Database Error Detection and Recovery

CowboyRobot writes "ACM Queue has an interview by Steve Bourne with Bruce Lindsay, responsible for a lot of the SQL and RDBMS we use today, in which they discuss error detection and recovery. My favorite part other than the photos is the definition of Heisenbugs - those problems that disappear only when you explicitly look for them."

29 of 163 comments (clear)

  1. Rite of Passage by beldraen · · Score: 4, Interesting

    Heisenburg bugs are a rite of passage in the computer world. They result from the production environment being different from the development environment. For instance, a debugger may initialize all memory in the process space to zero. An errant loop control now happens to be set properly, so no error occurs; however, in the production environment, whatever is left over in memory is used, which means the loop wanders off into nomansland and crashes. Always initialize your variables, period! Even in languages that automatically do it for you so that you are aware to what they are initialized.

    --
    Bel, the mostly sane.. "Of course I can't see anything! I'm standing on the shoulders of idiots." -- Me
    1. Re:Rite of Passage by quamaretto · · Score: 2, Interesting

      I have been dealing recently with a Heisenbug in Internet Explorer while trying to design a web page with floats. (Wed designers, weep with me.) The trouble is that a certain page renders wrong (what I think is wrong), the first time you look at it after opening Internet Explorer, and then displays correctly every time you look at it afterward, even with 'refresh'.

      And yes, I really do have to design it for Internet Explorer.

      Also, early on in the development of the page, I was encountering a similar situation with VS.Net 2004 where, when it "corrected the formatting" of my HTML (which happens when you switch to design view), it would introduce the same display glitch into the page.

      At some point in the cycle of figuring all of that out, I even came across variations of the page where IE, on every individual view, would randomly choose one of two ways to display the same page.

      (For reference, I was trying to float a div tag to the left of another div as a menu. The trouble is, sometimes the div would pop entirely outside the containing div to the left. I'm still not sure what causes it, after fixing it some dozen times.)

      --
      *is run over by rotten tomatoes*
    2. Re:Rite of Passage by thepoch · · Score: 2, Interesting

      This probably resulted in the quote: "If you can't repeat it, it's not a bug" End-User : Look at this bug! Developer: What bug? End-User : This bug! Developer: Oh? Try it out on my development computer. End-User : Developer: See, it's not a bug. Must be your Windows or something. Have your IT department support it. Manager : All right, no bugs, pay up. If only development was like this little play I wrote.

    3. Re:Rite of Passage by Jeremi · · Score: 4, Informative
      Don't forget the unintentional stack smashing, which is all too easy to do when you're writing tricky pointer code in C, and damned hard to find, especially when you barely understand the code you just wrote in the first place.


      For stuff like this, a wonderful debugging tool is valgrind -- it takes about 5 minutes to download and install (GPL, Linux/x86), and will find all kinds of memory-usage bugs in your program that you never even knew existed.

      --


      I don't care if it's 90,000 hectares.
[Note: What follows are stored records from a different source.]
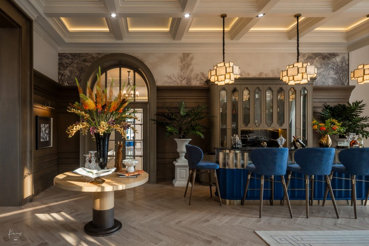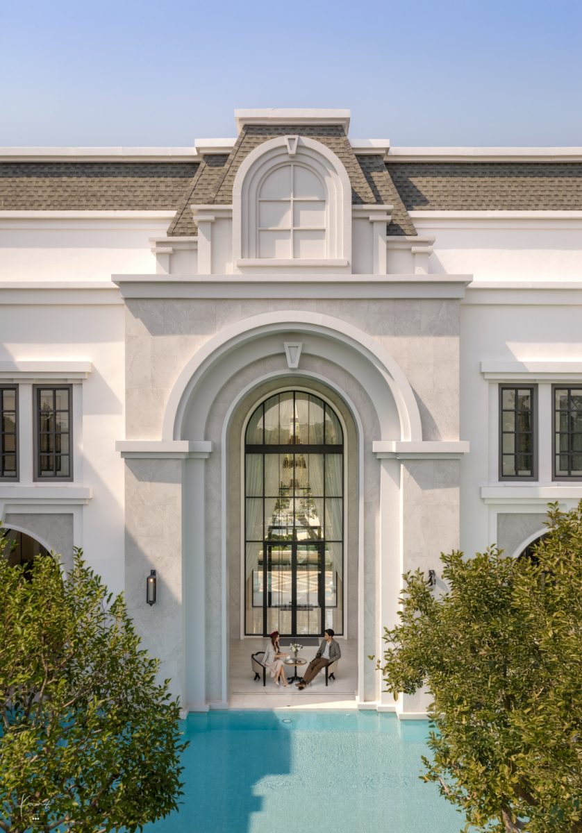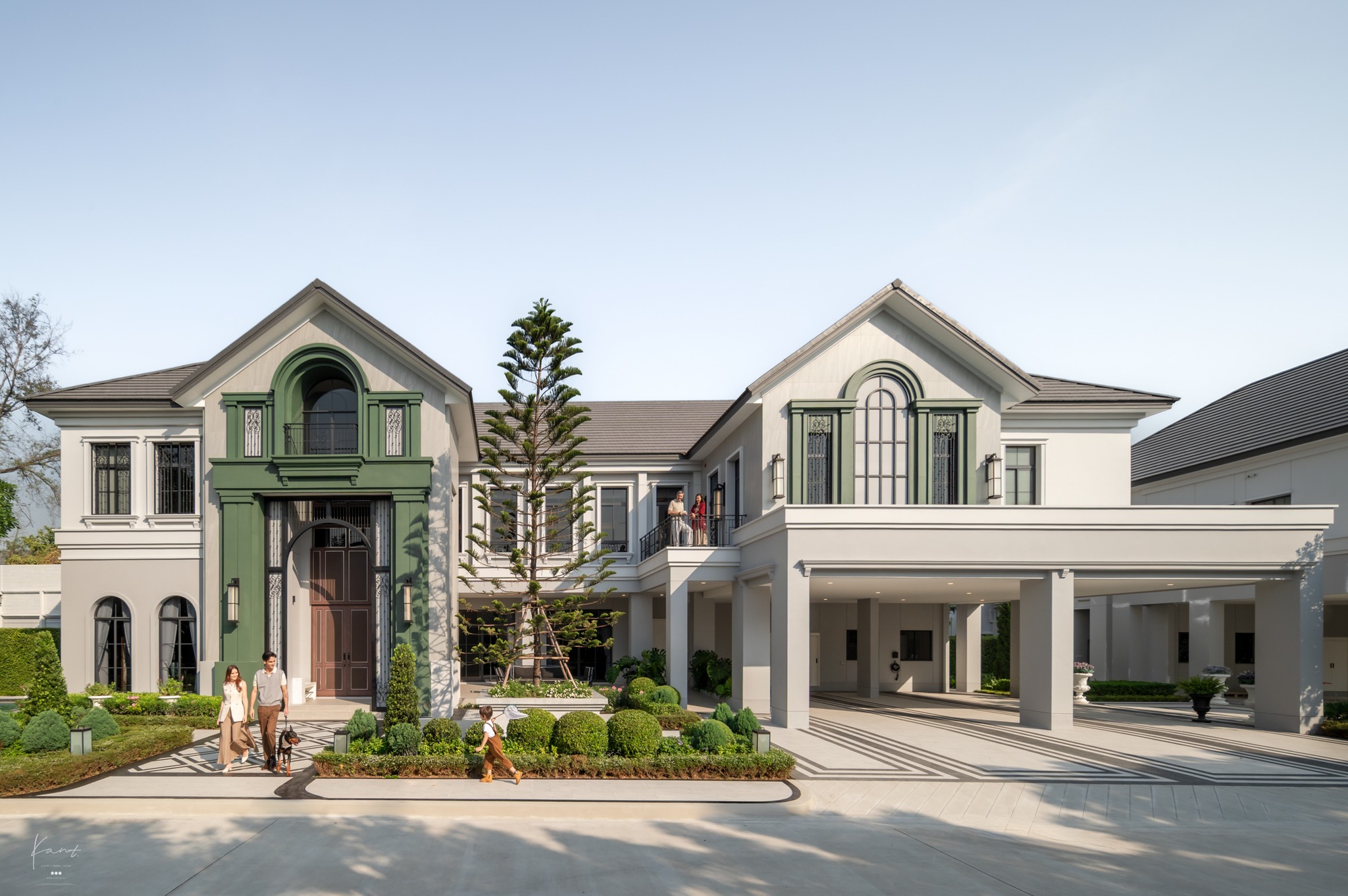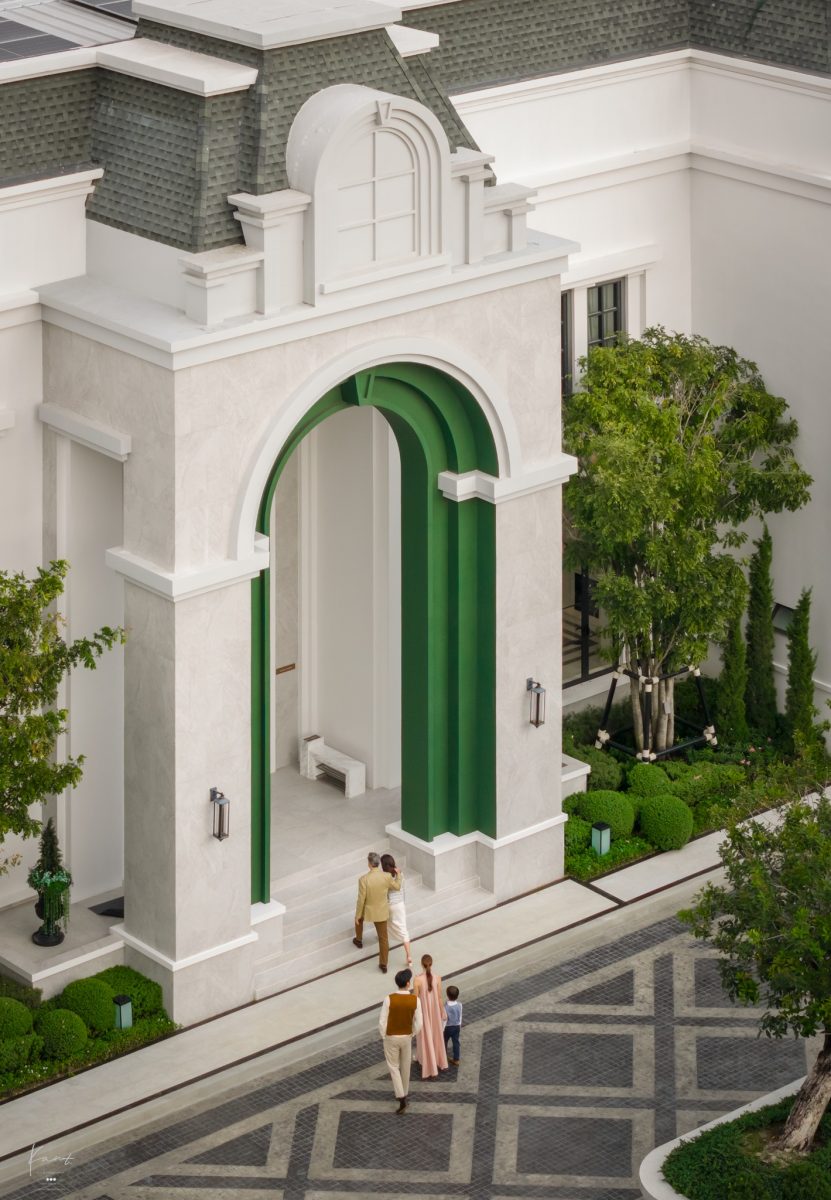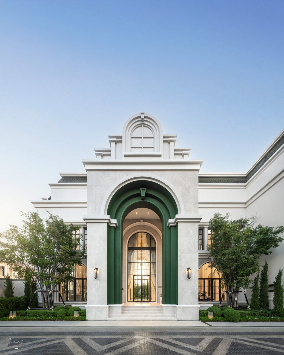 ในมุมมองของกานต์ สิ่งที่น่าประทับใจคือวิธีคิดของสถาปนิกครับ ที่ได้หยิบเอางานสถาปัตยกรรม Beaux-Arts แห่งกรุงปารีสยุคศตวรรษที่ 19 ซึ่งโดดเด่นเรื่องความพิถีพิถันมาตีความใหม่ผ่านคอนเซปต์ Twisted Classical Refinement ซึ่งได้ลดทอนความแข็งกระด้างลงและเติมความมีชีวิตชีวาเข้าไป ผ่านดีเทลอย่างหลังคา Gable Roof หรือการใช้สีเขียวมะกอก (Olive Green) คู่กับสีเทา ผลลัพธ์ที่ได้คือความรู้สึกสง่างามทว่าอบอุ่น เข้าถึงง่ายในสไตล์ Cozy Luxury Living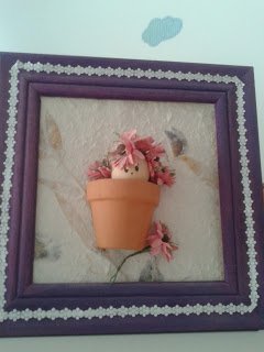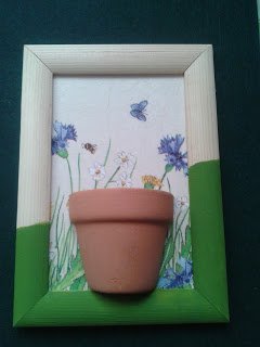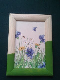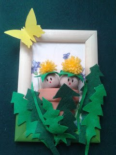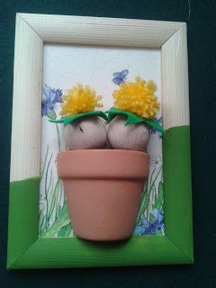 Most a bogáncsvirágot választottam, egyből kettőt. Hogy miért ezt? Megtetszett a sárga pamut fonal, olyan élénk színe van! Találtam a gyűjteményemben egy olyan szalvétát is, amin van pl.: bogáncs virág is, így TV nézés helyett este neki is estem. Először a képkeret lapjára ragasztottam a szalvétát dekupázs ragasztóval. Aztán lefestettem a keretet félig olivazöldre. A pompom elkészítéséhez ezt a módszert választottam: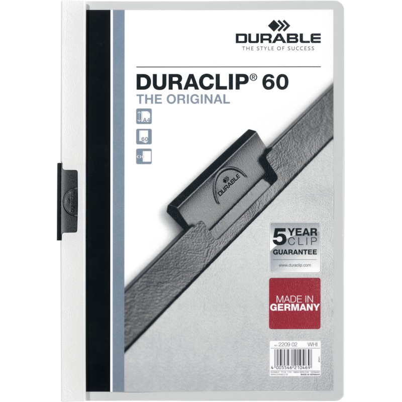 DURABLE Klemmhefter Duraclip® 60 für ungelochtes Schriftgut, Vorderdeckel transparente Hartfolie, Rückendeckel farbig, Klemme aus Stahl, Fassungsvermögen bis 60 Blatt 80 g/m2, für Format A4. Garantie: 5 Jahre auf die Klemme. Nachhaltigkeit eco:plus: recyclingfähig, recycelter Bestandteil, Recycelgehalt Abfall vor Gebrauch max. 5%, Recycelgehalt Abfall nach Gebrauch max. 2%.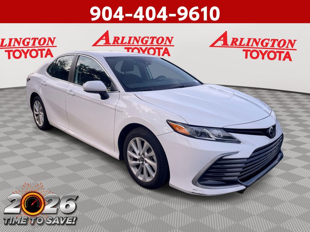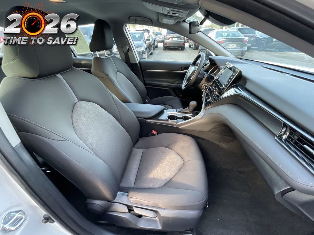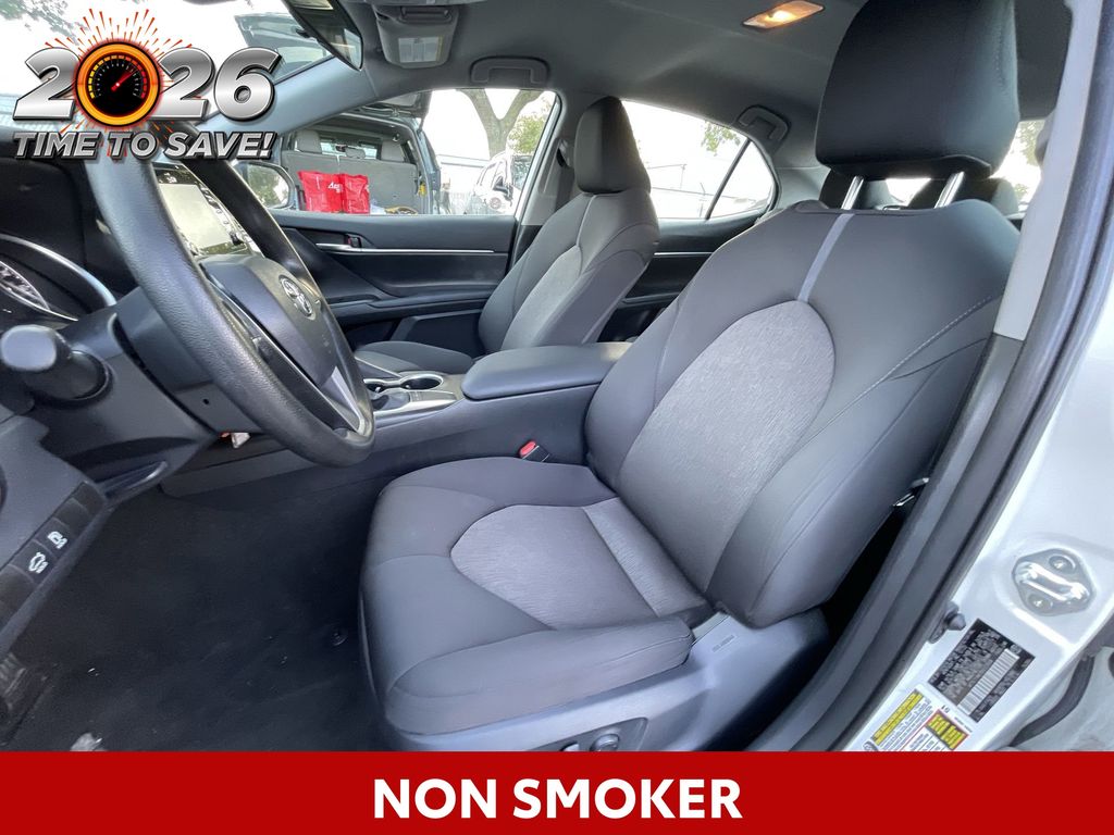 CERTIFIED BY CARFAX - ONE OWNER, REMAINDER OF FACTORY WARRANTY STILL APPLIES, BACKUP CAMERA, BLUETOOTH HANDS FREE, ANDROID AUTO, APPLE CARPLAY, POWER SEATS, LANE DEPARTURE, ADAPTIVE CRUISE CONTROL, NON SMOKER, Camry LE, 4D Sedan, 2.5L I4 DOHC 16V, 8-Speed Automatic, FWD, Ice Cap, Black Cloth, ABS brakes, Four wheel independent suspension, Front dual zone A/C, Low tire pressure warning, Remote keyless entry, Steering wheel mounted audio controls, 4-Wheel Disc Brakes, 6 Speakers, Air Conditioning, Alloy wheels, AM/FM radio: SiriusXM, Apple CarPlay/Android Auto, Auto High-beam Headlights, Automatic temperature control, Brake assist, Bumpers: body-color, Delay-off headlights, Driver door bin, Driver vanity mirror, Dual front impact airbags, Dual front side impact airbags, Electronic Stability Control, Exterior Parking Camera Rear, Fabric Seat Trim, Front anti-roll bar, Front Bucket Seats, Front Center Armrest, Front reading lights, Fully automatic headlights, Illuminated entry, Knee airbag, Occupant sensing airbag, Outside temperature display, Overhead airbag, Overhead console, Panic alarm, Passenger door bin, Passenger vanity mirror, Power door mirrors, Power driver seat, Power steering, Power windows, Radio data system, Radio: Audio, Rear anti-roll bar, Rear seat center armrest, Rear side impact airbag, Rear window defroster, Security system, Speed control, Speed-sensing steering, Split folding rear seat, Tachometer, Telescoping steering wheel, Tilt steering wheel, Traction control, Trip computer, Variably intermittent wipers, Wheels: 17" x 7.5J Alloy, Camry LE, 4D Sedan, 2.5L I4 DOHC 16V, 8-Speed Automatic, FWD, Ice Cap, Black Cloth, ABS brakes, Four wheel independent suspension, Front dual zone A/C, Low tire pressure warning, Remote keyless entry, Steering wheel mounted audio controls.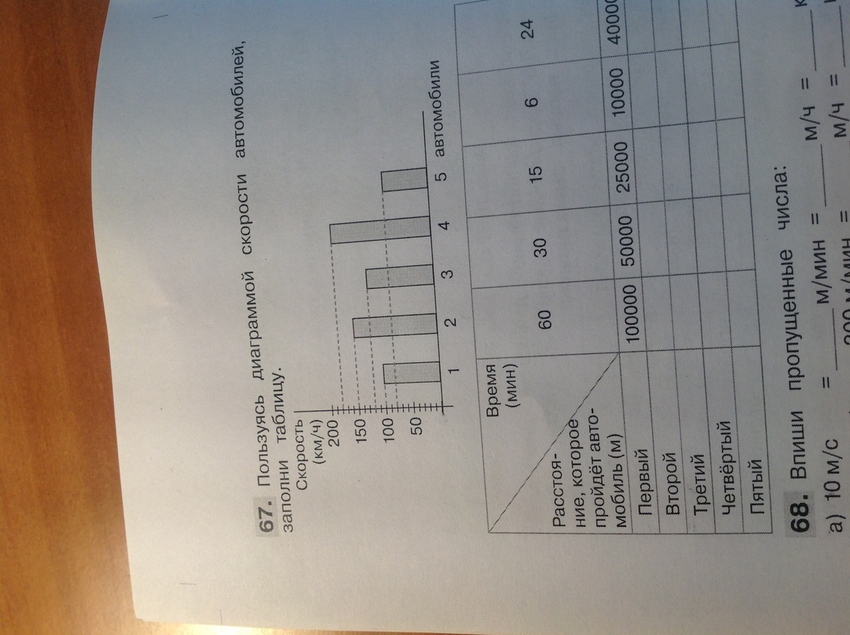 НАРОД ПОМОГИТЕ !!Пользуясь диаграммой скорости автомобилей, заполни таблицу. (См. таблицу и диаграмму в фотографии.)
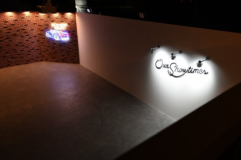 こちらはターンテーブルに載せたカスタムカーを上から見ながら、ゆっくりとくつろいで頂けるスペースになります。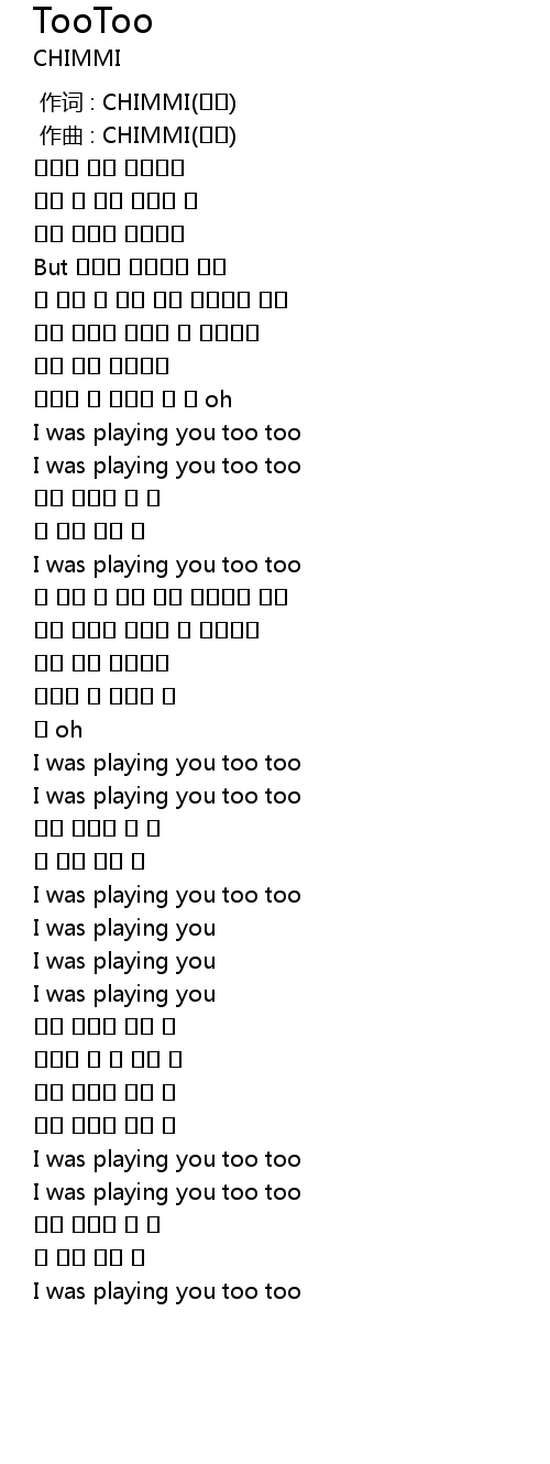 | [00:45.20] | I was playing you too too |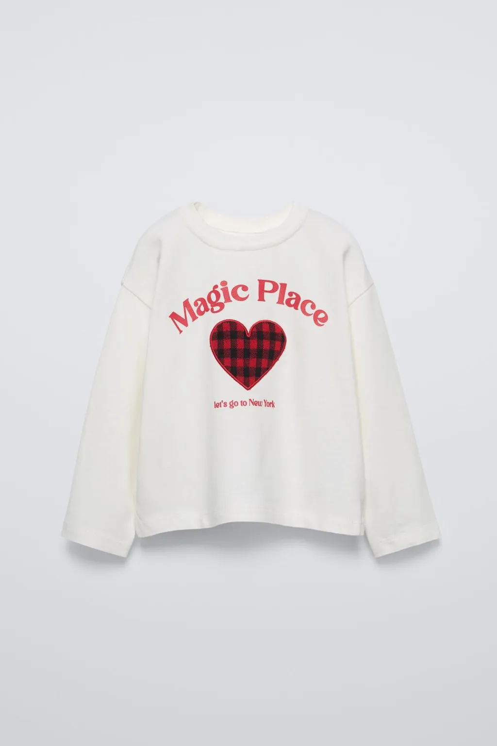 Camiseta con cuello redondo y manga larga. Estampado corazón cuadro vichi y texto en delantero.

That lake was not my doing.
    4. Re:Rite of Passage by leoval · · Score: 3, Interesting

      Nothing like putting extra printf's to get rid of an error. Thankfully the universe is a better place since the invention of Purify, (since most of the Heisenbugs are memory problems --evil pointers--). However the most challenging heisenbugs are the timing related ones, specially in networked applications. Those @#%'s are really hard to debug.I remember a project in particular where the heisenbug will only occur in Windows (not flame intended), but it would go away whenever we put a fprintf just before sending any packets trhu the socket. I think that the developer could not figure out the problem on time for the production deadline, so the fprintf to a bogus file is still there (about 6 years after the fact).

    5. Re:Rite of Passage by mikael · · Score: 3, Interesting

      Oh man, I remember those. The worst case was when I was trying to fix a SLIP (the model protocol) bug in an Ethernet probe. You could step through the code and everything worked correctly. The Token Ring network version worked correctly without failing. But run the system normally, and it failed to connect. The quickest solution was to compare the two code segments of each system; the only difference. was a 15 millisecond wait. Once replaced the system worked correctly (This was a requirement specified in the back page appendix of the modem chip specification).

      --
      Vintage computer adverts: http://www.vintageadbrowser.com/computers-and-software-ads
    6. Re:Rite of Passage by bsgenerator · · Score: 2, Interesting

      I once worked at company on a program in qbasic. The small procedure I was working on was ok when used in a test-program, but when it was used in the 'real' program it barfed. After I looked for hours for non-existing bugs in only 10 lines of code, questioning my own sanity in the proces, I asked for help. It turned out to be the compiler we run afterwards who messed up, and was 'corrected' by a dummy if-statement at the right place.

      if (1=0)
      print("The end of the world...");

      Of course, another senior programmer saw the statemnent and removed it just before it was shipped to the customer...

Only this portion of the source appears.